This section describes the fileDesc element, which is the first component of the teiHeader element.
The bibliographic description of a machine-readable or digital text resembles in structure that of a book, an article, or any other kind of textual object. The file description element of the TEI header has therefore been closely modelled on existing standards in library cataloguing; it should thus provide enough information to allow users to give standard bibliographic references to the electronic text, and to allow cataloguers to catalogue it. Bibliographic citations occurring elsewhere in the header, and also in the text itself, are derived from the same model (on bibliographic citations in general, see further section 3.11 Bibliographic Citations and References). See further section 2.7 Note for Library Cataloguers.

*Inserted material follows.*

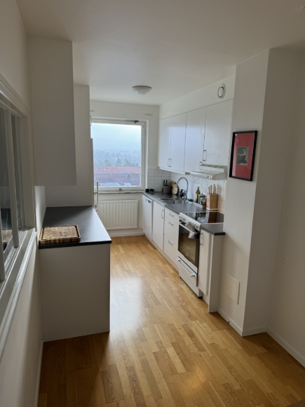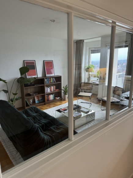 Ljus och stilren lägenhet med fantastisk utsikt En välplanerad lägenhet med stora fönster som ger ett härligt ljusinsläpp och en fin utsikt över omgivningen. Lägenheten har ett luftigt vardagsrum med parkettgolv och plats för både soffgrupp och social yta. Köket är praktiskt med gott om arbetsyta och förvaring, perfekt för både vardagsmatlagning och middagar. Sovrummet är rymligt med plats för dubbelsäng. Lägenheten har genomgående ljusa ytor och en minimalistisk stil som gör den lätt att trivas i. Perfekt för dig närhet till natur och utsikt. Bra grannar, 20 min till T centralen kommunalt, 15 min med bil.

- fileDesc (file description) contains a full bibliographic description of an electronic file.
- titleStmt (title statement) groups information about the title of a work and those responsible for its intellectual content.

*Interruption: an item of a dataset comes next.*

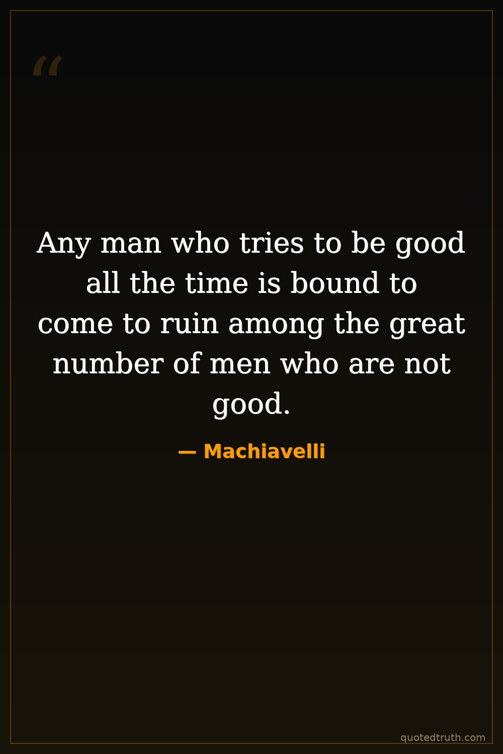 Any man who tries to be good all the time is bound to come to ruin among the great number of men who are not good.

- editionStmt (edition statement) groups information relating to one edition of a text.
- extent describes the approximate size of a text as stored on some carrier medium, whether digital or non-digital, specified in any convenient units.
- publicationStmt (publication statement) groups information concerning the publication or distribution of an electronic or other text.
- seriesStmt (series statement) groups information about the series, if any, to which a publication belongs.
- notesStmt (notes statement) collects together any notes providing information about a text additional to that recorded in other parts of the bibliographic description.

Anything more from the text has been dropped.